B. cereus AlkD and Streptomyces sp. TP-A0356 YtkR2 were purified as previously described43,63. The gene encoding Streptomyces zelensis C10R5 (GenBank accession KY379149) was synthesized by Genscript and ligated into a modified pET27 expression vector encoding a Rhinovirus 3C-cleavable hexahistidine-SUMO fusion tag. Overexpression of C10R5 was performed in E. coli BL21(DE3) cells grown in Luria Bertani (LB) medium supplemented with 30 mg/L kanamycin. Upon reaching mid-log phase, cultures were cooled from 37 °C to 18 °C, and isopropyl β-d-1-thiogalactopyranoside (IPTG) and glucose were added to final concentrations of 0.5 mM and 0.4 g/L, respectively, to initiate slow protein production. After overnight incubation at 18 °C, cells were collected by centrifugation, resuspended in lysis buffer [50 mM sodium phosphate pH 6.8, 250 mM NaCl, 5% (v/v) glycerol, and 5% (w/v) mannitol], and lysed by passage through an Avestin Emulsifier C3 homogenizer operating at ∼15,000 psi. Lysate was cleared by centrifugation and then injected onto a Ni-NTA column. The column was washed with lysis buffer supplemented with 40 mM imidazole and the protein was then eluted using the same buffer but containing 300 mM imidazole. Fractions were pooled and the hexahistidine-SUMO tag was removed by overnight cleavage at 4 °C. C10R5 was diluted three-fold in buffer H [25 mM sodium phosphate pH 6.8, 10% (v/v) glycerol, and 1 mM dithiothreitol (DTT)] before being applied to a heparin Sepharose column equilibrated in buffer H supplemented with 100 mM NaCl. The protein was eluted by linearly increasing the concentration of NaCl to 1 M. Pooled fractions were reapplied to the Ni-NTA column and C10R5 was eluted by washing the column with lysis buffer containing 50 mM imidazole. The protein was concentrated by diafiltration, injected onto a Superdex 200 column equilibrated in buffer S [20 mM MOPS pH 6.8, 300 mM NaCl, and 5% (v/v) glycerol], and eluted in the same buffer. Fractions containing C10R5 were pooled and concentrated by diafiltration. Aliquots were frozen in liquid nitrogen and stored at −80 °C. C10R5 mutants were generated using the Q5 site-directed mutagenesis kit (New England Biolabs) and purified in the same manner as the wild-type protein. E. coli EndoIV was purchased from New England Biolabs.

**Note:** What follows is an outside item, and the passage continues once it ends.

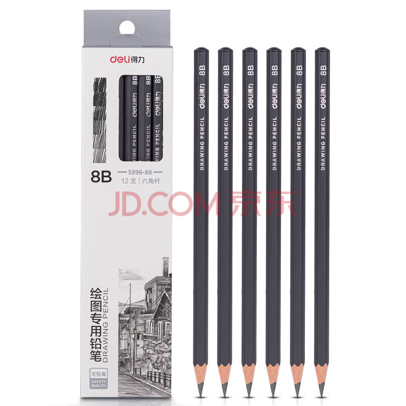 商品相册:得力(deli)绘图铅笔12支8B素描铅笔学生六角杆书写黑铅美术写生工程制图笔初学者专用学生开学文具第
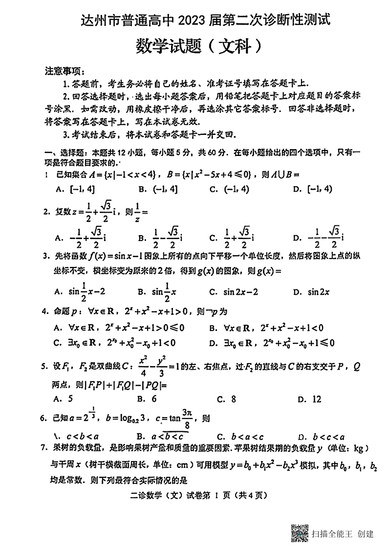 高三文数--四川省达州市2023届高三下学期第二次诊断性测试

Oligodeoxynucleotides were purchased from Integrated DNA Technologies and used without further purification. YTM and CC-1065 were purified and DSA was synthesized as previously described14,29,64. DNA adducts were generated as previously described18, except reaction mixtures contained 10 mM MES pH 6.5, 40 mM NaCl, 10% (v/v) dimethylsulfoxide, 10 μM DNA, and 150 μM YTM or 100 μM DSA or CC-1065. After 24 h at 22 °C, unreacted DSA, CC-1065, and YTM were removed by passing the reaction mixtures through a Sephadex G25 column equilibrated in annealing buffer (10 mM MES pH 6.5 and 40 mM NaCl). DNA intended for crystallographic or biophysical experiments was subsequently concentrated in vacuo and then exchanged into annealing buffer or melting buffer (10 mM sodium phosphate pH 7.0 and 10 mM NaCl) by diafiltration (3000 nominal molecular weight limit (NMWL).
Absorbance and circular dichroism measurements were collected from modified oligodeoxynucleotide duplexes [5′-d(CCCCAAAGCCCG)/d(CGGGCTTTGGGG)-3′; the underline denotes the modified nucleotide] as previously described18. Thermal melting profiles were also collected as previously described18. Melting temperatures were calculated by fitting the data to a polynomial function and determining the temperature at which the second-order derivative was equal to zero.
AlkD/AP-DNA/DSA-Ade and AlkD/AP-DNA/CC1065-Ade crystallization
Ternary product complexes were prepared by mixing equal volumes of 0.45 mM AlkD and 0.54 mM DSA-DNA or CC1065-DNA [5′-d(AGCAAAGGC)/d(TGCCTTTGC)-3′; the underline denotes the modified nucleotide] and incubating the mixtures at 4 °C for 30 min. Complexes were crystallized using the sitting-drop vapor-diffusion method. Drops containing DSA-DNA were prepared from 1.5 μL of protein-DNA solution [0.22 mM AlkD and 0.27 mM DNA], 0.75 μL of reservoir solution [24% (w/v) PEG 8000, 50 mM HEPES pH 7.0, and 50 mM CaCl2], 0.75 μL of seed solution [microscopic crystals of AlkD and DNA containing an A•C mismatch], and 0.75 μL of additive solution [5% (w/v) benzamidine•HCl]. Drops containing CC1065-DNA were prepared from 1.5 μL of protein-DNA solution [0.22 mM AlkD and 0.54 mM DNA], 1.5 μL of reservoir solution [21% (w/v) PEG 8000, 50 mM HEPES pH 7.0, and 50 mM CaCl2], and 0.75 μL of additive solution [5% (w/v) benzamidine•HCl]. All drops were equilibrated at 21 °C against 500 μL of reservoir solution. After several days, crystals were collected, briefly soaked in reservoir solution supplemented with 15% (v/v) glycerol, and flash-cooled in liquid nitrogen.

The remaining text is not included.